What this error means

400 unexpected EOF on /v1/chat/completions for cloud proxy models is a Ollama failure pattern reported for developers trying to fix intermittent 400 'unexpected eof' errors when using ollama's /v1/chat/completions with cloud proxy models. Based on the imported evidence, treat this as a tool-specific troubleshooting page rather than a generic API error.

Why this happens

Open issue from 2026-05-10. Affects all :cloud models (remote proxy). /v1/chat/completions endpoint returns 400 with 'unexpected EOF' or 'cannot parse request body'. Native /api/chat always works. Error response time 0-11ms. Larger requests (~74KB with tools) fail more frequently. Ollama 0.23.2, Linux WSL2.

Common causes

  • Ollama's cloud proxy models (glm-5.1:cloud, deepseek-v4-pro:cloud, kimi-k2.6:cloud) fail ~5-10% of the time with 400 'unexpected EOF' or 'cannot parse request body' on the OpenAI-compatible /v1/chat/completions endpoint. The native /api/chat endpoint works fine, so developers using OpenAI SDK or LangChain hit this unpredictably. Larger request bodies (with tool definitions) fail more often.
  • Open issue from 2026-05-10. Affects all :cloud models (remote proxy). /v1/chat/completions endpoint returns 400 with 'unexpected EOF' or 'cannot parse request body'. Native /api/chat always works. Error response time 0-11ms. Larger requests (~74KB with tools) fail more frequently. Ollama 0.23.2, Linux WSL2.

Quick fixes

  1. Confirm the exact error signature matches 400 unexpected EOF on /v1/chat/completions for cloud proxy models.
  2. Check the Ollama account, local tool state, and provider configuration involved in the failing workflow.
  3. Compare the failing environment with a known working setup, then change one configuration value at a time.

Platform/tool-specific checks

  • Verify the command, editor, extension, or API client that produced the error.
  • Compare local settings with CI, deployment, or editor-level settings when the error appears in only one environment.
  • Avoid deleting credentials, local model data, or project settings until the failing scope is clear.
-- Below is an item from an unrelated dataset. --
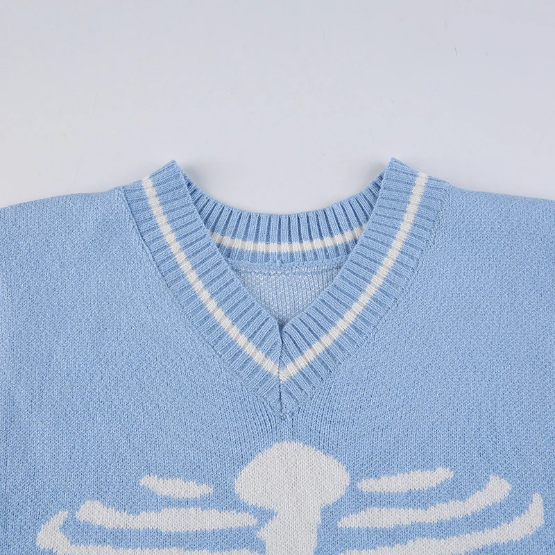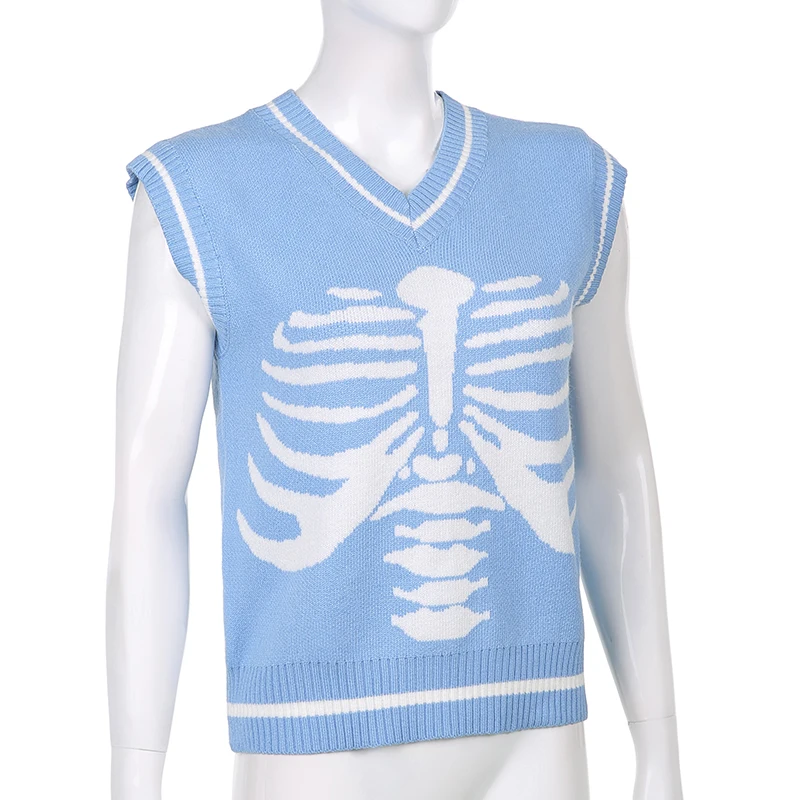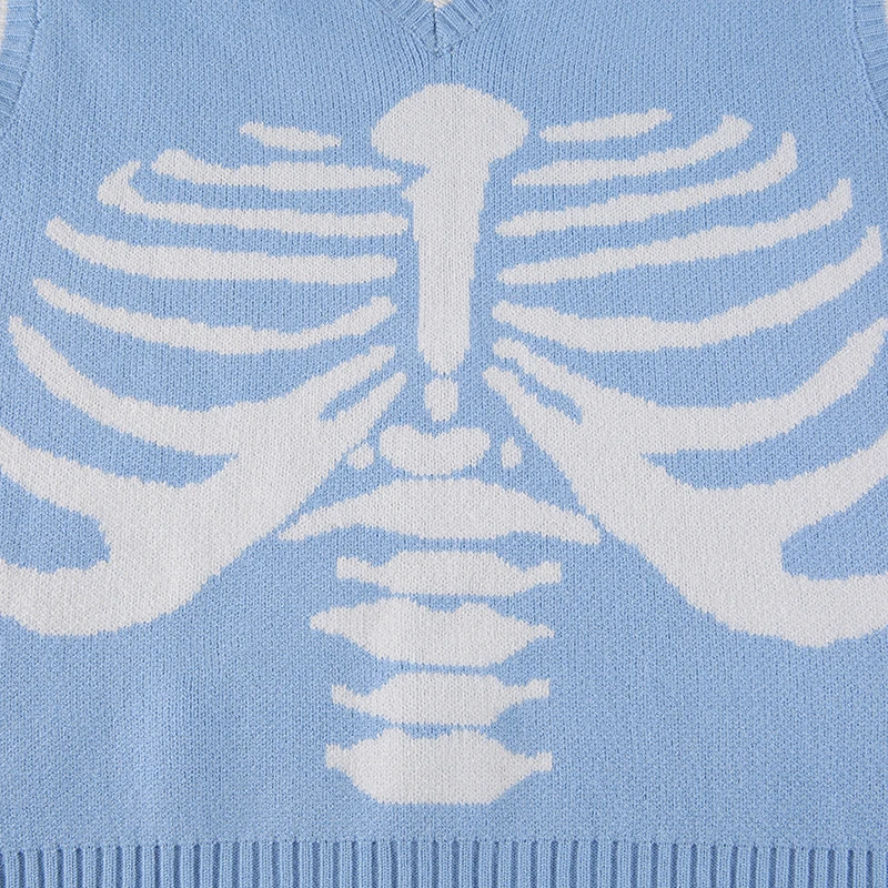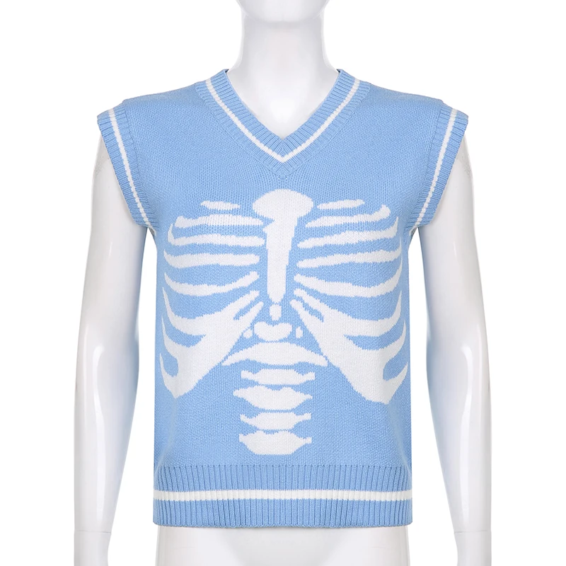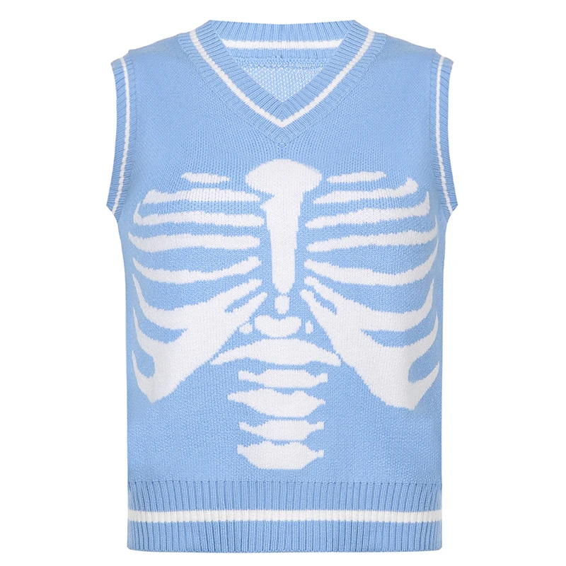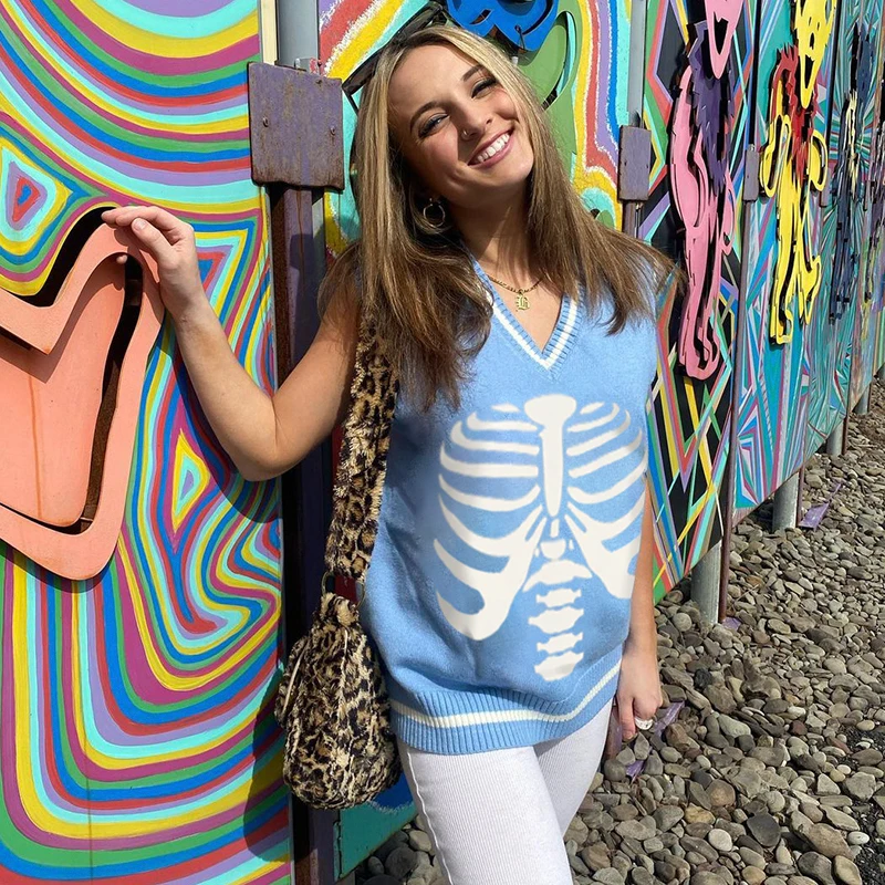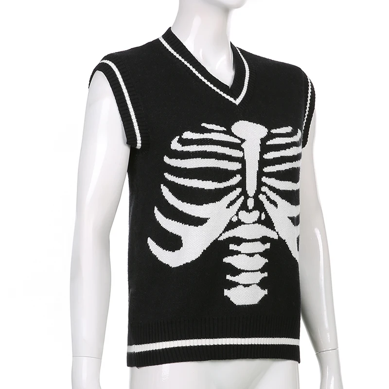 Свитер Darlingaga в уличном стиле с принтом скелета в готическом стиле, модный осенний пуловер в Корейском стиле, женские коричневые вязаные свитера, джемперы

Step-by-step troubleshooting

  1. Capture the exact error message and the command, editor action, or request that triggered it.
  2. Check whether the failure is account/auth, quota/rate, model/provider, local runtime, or deployment configuration.
  3. Review the source evidence below and compare it with your environment.
  4. Apply one change at a time and rerun the smallest failing action.
  5. Keep the working fix documented for the team or deployment environment.

How to prevent it

  • Keep provider/tool configuration documented.
  • Record non-secret diagnostics such as tool version, provider name, model name, and command path.
  • Add a lightweight check before CI or production workflows depend on the tool.